Ho sempre percepito la venuta di Capodanno con tre giorni di anticipo. Non guardando il calendario per la prima volta il 29 dicembre. E nemmeno avvertendo una strana sensazione di gioiosa novità nell’aria. È molto più semplice. Ho 39 di febbre.
Ci sono stati anni in cui questa maledizione è sembrata venir meno. Ricordo il lontano 1997, quando riuscii ad uscire con alcuni compagni del liceo e avviarci alla volta di Genova. Sul più bello, mentre percorrevamo Corso Europa, ci siamo trovati esattamente in mezzo ad una nevicata, senza le catene a bordo. Né noi, né le macchine davanti a noi. Bloccati. E abbiamo stappato lo spumante in mezzo ad automobilisti sconosciuti.
Nel 1998, neanche a dirlo, ero nuovamente in preda del delirio della febbre, e ho salutato la venuta del nuovo anno con una maratona Star Wars, tutta mia. Dopo lo scadere dell’ultimo rintocco del terzo film, ero convinto di poter riuscire a raggiungere il letto semplicemente usando la Forza. Semplice. Mia madre mi ha trovato il mattino dopo, accasciato sul divano in sala.
Il 2001 sono riuscito a trascorrerlo in Piazza Matteotti, subito sotto Palazzo Ducale. C’erano i New Trolls che suonavano, se non ricordo male. Ero anche in dolce compagnia. Abbiamo passeggiato serenamente per i vicoli di Genova, evitando ragazzetti che ci offrivano una rosa o del fumo. Due ragazzi ci hanno offerto una rosa. Sette ci hanno offerto del fumo.
Gli anni successivi ho dato l’addio alla nostra bella città, e ho preferito dirigermi verso luoghi montani, passando il Capodanno in compagnia di amici liguri, anche loro in trasferta. Ci siamo divertiti, e stranamente non sono stato male. Ma come tutte le maledizioni che si rispettino, sono tornato al punto di partenza… oggi ho 39 di febbre.

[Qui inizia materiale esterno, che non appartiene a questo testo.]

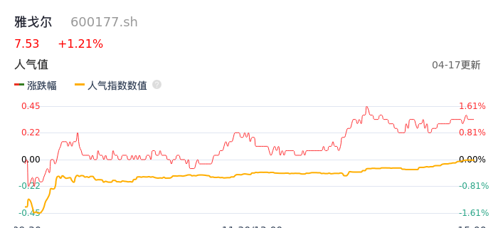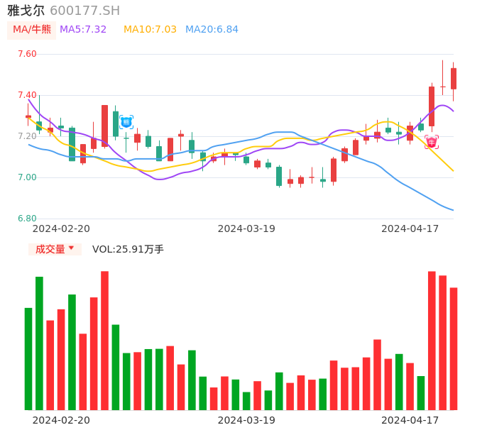 04月17日,雅戈尔收报7.53,股价涨幅1.21%,成交金额1.94亿元,换手率0.56%。

Avevo già iniziato ad interessarmi a cosa sarebbe successo a Genova quest’anno. Avevo mia sorella che spingeva per tornare in montagna. Avevo degli amici che suonavano in piazza a Rapallo. E invece niente. Niente di tutto questo.
Niente musica per le piazze dei vicoli. Da Piazza San Giorgio a Caricamento, dalle Erbe al Ducale, da Galleria Mazzini a Largo Dodici Ottobre. Mi perderò tutti questi appntamenti. Niente megafesta al MazdaPalace. Niente Splindeparì a Rapallo. Niente visite allo Shakespeare Cafè, o al Madeleine, o ancora al Lebowsky. Niente.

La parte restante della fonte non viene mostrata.